Other Scheduling Rules
It is known at least since the 1950’s (and probably earlier) that WSJF is the most optimal scheduling mechanism if both value and size are known. The additional condition is that preemption, i.e. interruption of the work, is not allowed.
If either of these 3 conditions (known value, known size, no preemption) is not valid, WSJF is not the best mechanism and other scheduling rules are more optimal. Other mechanisms are (for a more comprehensive overview and background see e.g. Table 3.1, page 146 in [Kle1976]):
No preemption allowed
- no value, no effort: FIFO
- only effort: SJF / SEPT
- only value: on value
- effort & value: WSJF / SEPT/C
- Story map slices: WSJF (no preemption)
FIFO = First in, First out
SEPT = Shortest Expected Processing Time
SJF = Shortest Job First
C = Cost
Examples: (a) user stories on the sprint backlog: WSJF, (b) production incidents: FIFO or SJF, (c) story map slices that represent a minimal marketable feature (or short Feature). Leaving out a single user story from a Feature creates no business value (that’s why it is a minimal marketable feature) and starting such a slice also means completing it before starting anything else. These are scheduled using WSJF. (d) User stories that are part of Feature; they represent no value by themselves, but all are necessary to complete the Feature they belong to. Schedule these according to SJF.
- no value: SIRPT (SIJF)
- effort & value: SIRPT/C or WSIJF (preemption)
- SIRPT = Shortest Imminent Remaining Processing Time
SIRPT/C = Shortest Imminent Remaining Processing Time, weighted by Cost
SIJF = Shortest Imminent Job First
WSIJF = Weighted Shortest Imminent Job First
The ‘official’ naming for WSIJF is SIRPT/C. In this blog I’ll use Weighted Shortest Imminent Job First, or WSIJF.
Examples: (a) story map slices that contain more than one Feature (minimal marketable feature).

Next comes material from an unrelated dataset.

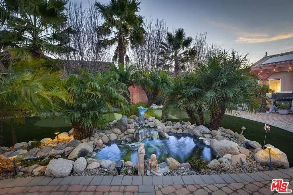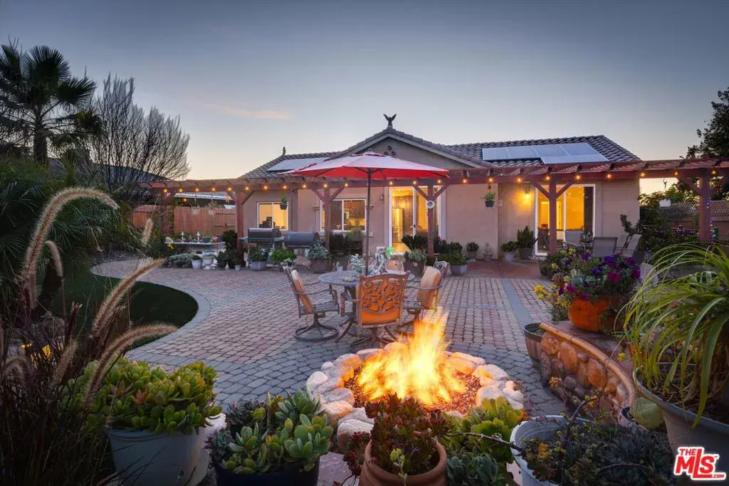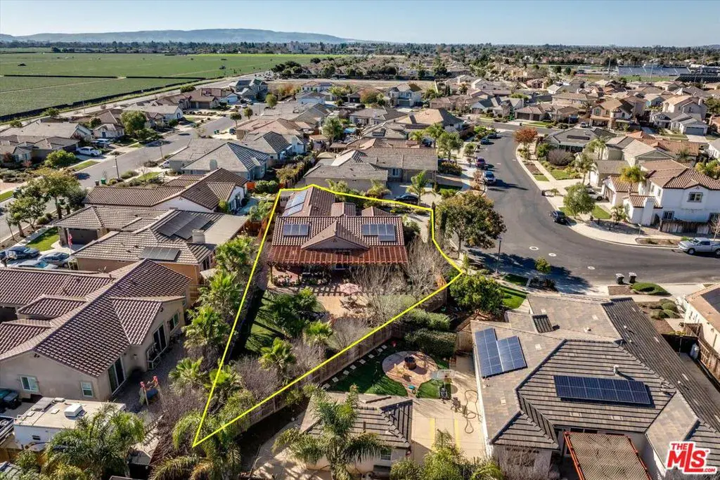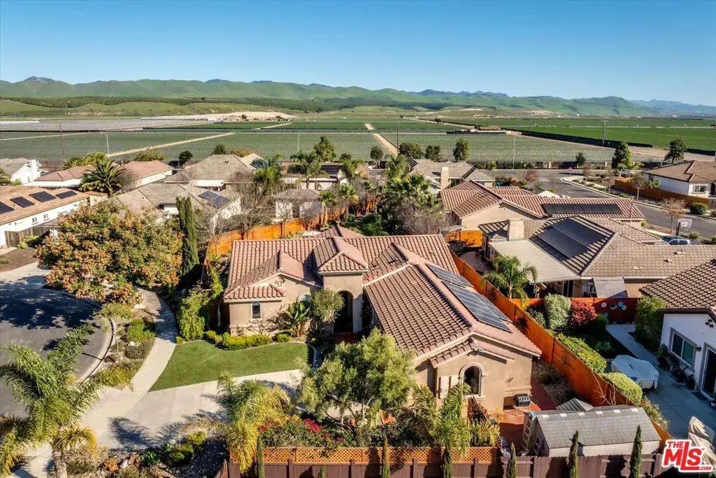First time on the resale market, this is the largest fully landscaped lot (12632 SF) in this premier development that has no HOA fees! Your own private garden awaits in Legacy at La Ventana located in Northeast Santa Maria; a serene setting to enjoy that morning cup of tea with an elegant fountain with a river feature, pond and two water falls, firepit with seating, and a putting green. Low maintenance ground cover, palm trees that decorate the space with a beautiful backdrop, a winding paver lined walkway, and a pergola draped with lighting. This property is a one story residence with smooth surface flooring throughout and featuring 4 bedrooms, 3.5 baths, and 1957 SF of well planned interior space. There are two primary suites with attached private bathrooms; the main owner’s suite features access and views of the backyard, a walk-in closet, separate shower and tub, dual sink vanity and enclosed water closet. The kitchen features dark cabinetry, quartz countertops, stainless appliances, gas cooktop, and a breakfast bar island for gatherings. The living space is an open floor plan with informal and formal dining spaces that spill out into the outdoor oasis of the back patio and garden. $30,000 owned solar system and utility shed included in sale. Well over $100,000 of improvements and exterior enhancements. Refrigerator, washer and dryer are negotiable. Great location close to Marian Medical Center & Pioneer Valley High School and a 25 minute drive to the Five Cities beach area. Come live your central coast dream today! Information deemed reliable but not verified or guaranteed by the broker.

We call these Feature Sets. These are scheduled using WSIJF, (b) (Large) Epics that consist of more than 1 Feature Set, or epics that are located at the top-right of the windshield-wiper-diagram. The latter are usually split in smaller one containing most value for less effort. Use WSIJF.
- User Story (e.g. on sprint backlog and not part of a Feature): WSJF
- User Story (part of a Feature): SJF
- Feature: WSJF
- Feature Set: WSIJF
- Epics, Story Maps: WSIJF
Weighted Shortest Imminent Job First (WSIJF)
Mathematically, WSIJF is not as simple to calculate as is WSJF. Perhaps in another blog I’ll explain this formula too, but in this blog I’ll just describe what WSIJF does in words and show how it affects the diagram with colored sections.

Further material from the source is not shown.